Proof: The proof here is essentially the same as the proof that finite total ordering are also also a well orderings. We prove that a minimal element exists by finding it.

Let $$a_1$$ be an element of $$S$$. If $$a_1$$ is minimal, then we have found a minimal element. If not, then there is an $$a_2\in S-\{a_1\}$$ such that $$a_2\prec a_1$$. We repeat this procedure if $$a_2$$ is not minimal and find $$a_3\in S-\{a_1,a_2\}$$.

By repeating this procedure, we find a minimal element in at most $$|S|-1$$ steps.
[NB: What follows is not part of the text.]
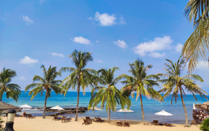 A Praia de Sao é considerada uma das melhores praias de Phu Quoc, famosa por sua areia branca e fina e águas calmas de tom azul-turquesa. É ideal para quem busca praias tranquilas em Phu Quoc.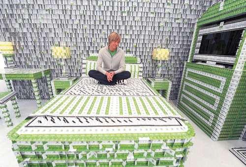 中新網(wǎng)9月19日電 據(jù)香港《大公報(bào)》報(bào)道,因建造出全球最大紙牌建筑物而被列入《吉尼斯世界紀(jì)錄大全》的美國(guó)人布賴恩.伯格在紐約建造了一家“鎖匙卡酒店”,里面除了地板和天花板之外,一切都是由總數(shù)20萬(wàn)張的塑料酒店鎖匙卡建成。

Thus one exists.

• This theorem implies that we could always extend a partial order to a total order if we needed to.
• This is called topological sorting.
• The algorithm is basically: find a minimal element and declare it the least element; repeat.
procedure topological_sort(S, ⪯)
ordered = []
until S is empty:
a = a minimal element from S under ⪯
S = S - {a}
ordered += [a]
return ordered
• We can use topological sorting to come up with an order to perform non-totally-ordered operations.
• For example, calculating values in a spreadsheet.
• Let two cells in the spreadsheet $$c_1$$ and $$c_2$$ be related if calculating the value in $$c_2$$ depends on the value in $$c_1$$.
• e.g. if cell D2 contains the formula C2+A2 then we would have $$(\text{C2},\text{D2}),(\text{A2},\text{D2})\in R$$.
• This is a partial order, if we don't allow circular-dependencies in the calculations.
• Creating a total order by topological sorting gives us an order we can calculate the values in the cells, without ever using out-of-date data.